Driving the news: Restaurateurs say they've dealt with significant increases in operating costs thus far in 2022, per a poll conducted last month by the Ohio Restaurant Association.
Why it matters: Central Ohio, which saw a wave of restaurant closures during pandemic lockdowns, is now trying to stave off even more losses.
Takeaways from the recent poll:
📈Costs are up across the board: Restaurants are paying much more for food, supplies and labor than they were just six months ago.
💲Patrons bear the brunt: Nearly all restaurants have increased menu prices to offset these higher expenses, some by up to 15%.
🧑🍳Workers are still needed: Just 11% of restaurants report being fully staffed.

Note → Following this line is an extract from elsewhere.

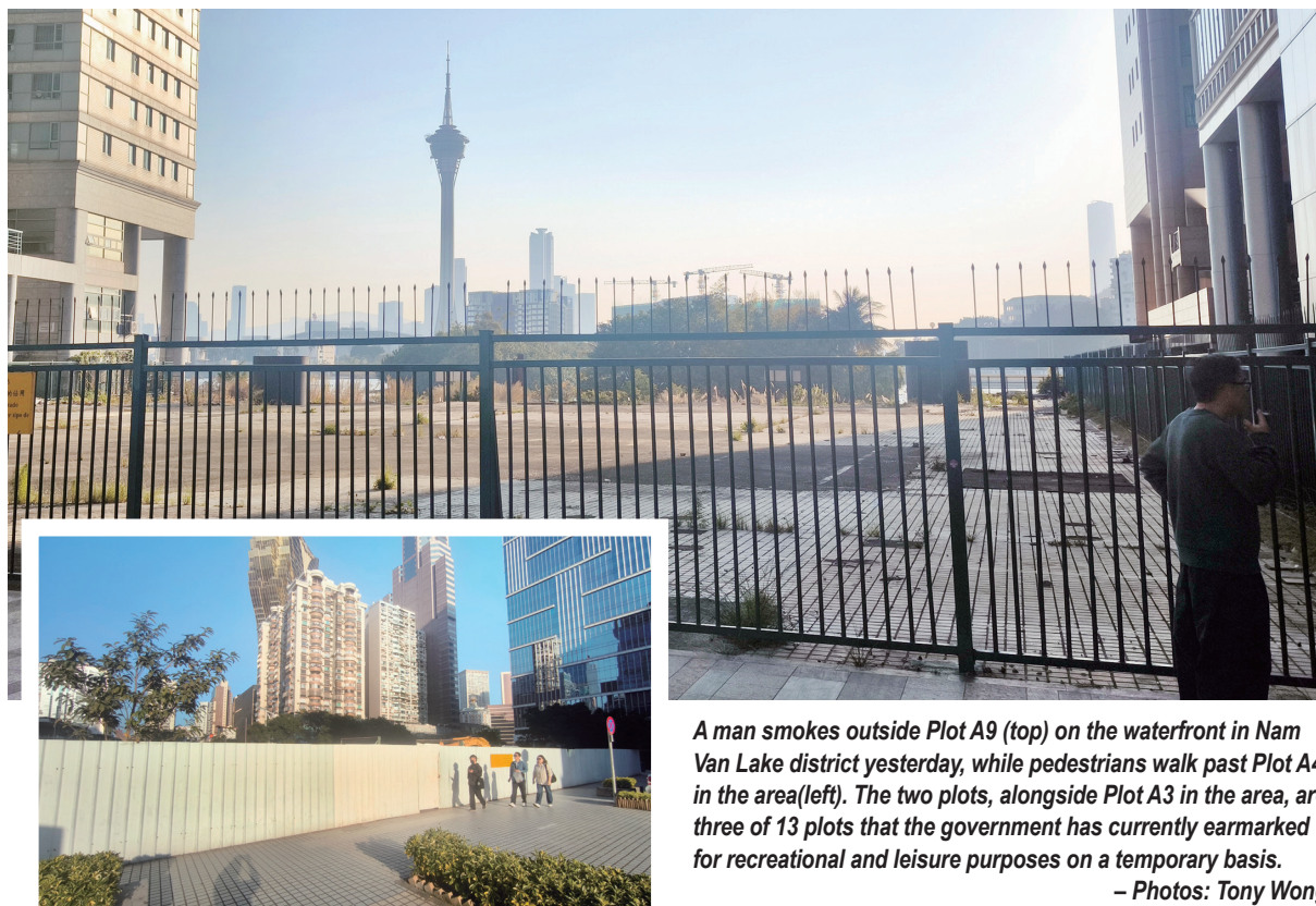
A man smokes outside Plot A9 (top) on the waterfront in Nam Van Lake district yesterday, while pedestrians walk past Plot A4 in the area(left). The two plots, alongside Plot A3 in the area, are three of 13 plots that the government has currently earmarked for recreational and leisure purposes on a temporary basis.

Nearly half of respondents say they've closed areas or shortened hours because of these staffing shortages.
What they're saying: "[The poll] tells us that things are still pretty tough for restaurant operators and employees," John Barker, president and CEO of the restaurant association, tells Axios.
- Some businesses are taking unusual steps, Barker says, like charging market price for non-seafood dishes like beef and chicken.
State of play: Restaurant reservations were on the rebound this spring, as we wrote in early June, but the trend tapered off since then.
- Across Columbus this summer, most days have seen fewer reservations than on the same date in 2019, according to OpenTable data.
- The loss of downtown traffic is still harming businesses, with Barker pointing toward the recent closure of Melt Bar and Grilled's Short North location — which once was "the center of the universe" in that business district.
Yes, but: Americans trying to avoid expensive restaurant meals are also now feeling the pain at the grocery store.
💭 Tyler's thought bubble: Ohio Diner Journalism™ is a cliche on top of a cliche, but it occasionally proves constructive.
- The menu of a Cleveland-area diner I visited last Sunday featured a sticker reading: "All menu prices up $1."
The bottom line: Restaurateurs and patrons alike are trying their best to navigate higher costs, making discounts like those featured in 614 Restaurant Week even more enticing.